There are more documents in the database than wordforms/analyzed wordforms? That is strange...

In [None]:
do_query('SELECT * FROM wordforms ORDER BY RAND() LIMIT 10;')

In [None]:
do_query('SELECT * FROM wordforms WHERE has_analysis != null LIMIT 10;')

In [None]:
do_query('SELECT * FROM analyzed_wordforms ORDER BY RAND() LIMIT 10;')

In [None]:
do_query('SELECT * FROM analyzed_wordforms WHERE verified_by IS NULL;')

In [None]:
do_query('SELECT * FROM wordforms WHERE has_analysis IS NOT NULL LIMIT 10;')

In [None]:
do_query('SELECT * FROM documents ORDER BY RAND() LIMIT 10;')

In [None]:
do_query('SELECT * FROM documents WHERE pub_year IS NOT NULL LIMIT 10;')

In [None]:
do_query('SELECT * FROM documents WHERE word_count IS NOT NULL LIMIT 10;')

In [None]:
query = """
SELECT * 
FROM analyzed_wordforms
INNER JOIN wordforms ON analyzed_wordforms.wordform_id = wordforms.wordform_id
"""
do_query(query)

In [None]:
do_query('SELECT COUNT(*) FROM token_attestations;')

In [None]:
do_query('SELECT COUNT(*) FROM token_attestation_verifications;')

In [None]:
%%time
# Which words occur in which documents?

query = """
SELECT * 
FROM wordforms
LEFT JOIN analyzed_wordforms ON analyzed_wordforms.wordform_id = wordforms.wordform_id
LEFT JOIN token_attestations ON token_attestations.analyzed_wordform_id = analyzed_wordforms.analyzed_wordform_id
LEFT JOIN documents ON documents.document_id = token_attestations.document_id
"""
tokens_in_documents = do_query(query)

In [None]:
tokens_in_documents[['wordform', 'analyzed_wordform_id', 'document_id']]

In [None]:
tokens_in_documents = tokens_in_documents.loc[:,~tokens_in_documents.columns.duplicated()]

In [None]:
tokens_in_documents.columns

In [None]:
token_counts = tokens_in_documents.groupby('document_id').count()

In [None]:
token_counts.sort_values('wordform')

The lexicon seems to contain very short documents only (up to 16 words).

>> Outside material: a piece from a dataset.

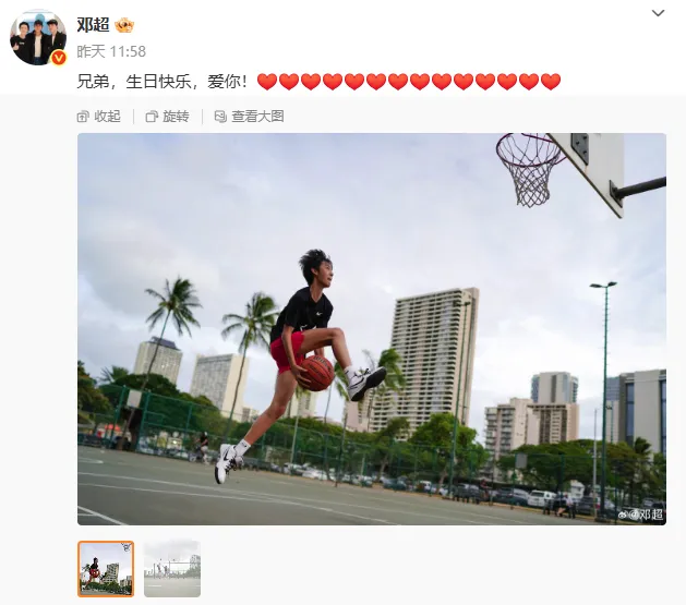 昨日,邓超晒出儿子打篮球的照片为其庆生,他称儿子为“兄弟”。

## Paradigmatic expansions

In [None]:
wfs = do_query('SELECT * FROM analyzed_wordforms')

In [None]:
pos = wfs.groupby('part_of_speech').count()

In [None]:
pos.loc['CLITIC']

In [None]:
pos_tags = list(pos.index)
pos_tags.sort()
print(pos_tags)

The database does not seem to follow documentation on using pos tag CLITIC for wordforms that consist of multiple words (e.g., 'kzag).

In [None]:
do_query('SELECT * FROM analyzed_wordforms WHERE lemma_id is NULL;')

In [None]:
do_query('SELECT * FROM analyzed_wordforms WHERE multiple_lemmata_analysis_id IS NOT NULL;')

In [None]:
do_query('SELECT * FROM analyzed_wordforms WHERE multiple_lemmata_analysis_id != 0;')

Hypothesis: if `multiple_lemmata_analysis_id` is 0 (instead of `NULL`), the wordform does not have clitics.

In [None]:
%%time
# Find all forms of a lemma (ignore wordforms that consist of multiple lemmas)

query = """
SELECT * 
FROM wordforms
LEFT JOIN analyzed_wordforms ON analyzed_wordforms.wordform_id = wordforms.wordform_id
LEFT JOIN lemmata ON analyzed_wordforms.lemma_id = lemmata.lemma_id
"""
lemmaforms = do_query(query)

In [None]:
lemmaforms

In [None]:
lemmaforms.query('lemma_id == 243876')

Issue: when you expand a lemma, you get a lot of wordforms that are only a part of a word. For example, the lemma *aankijken* (id: 219562) contains words like *aan* and *kijken*. The pos tag specifies whether it is a `prefixPart` 
or a `mainPart`. This is strange, why put this in the pos tag field?

The lemma also has a pos tag field that specifies that it is a verb (in this case).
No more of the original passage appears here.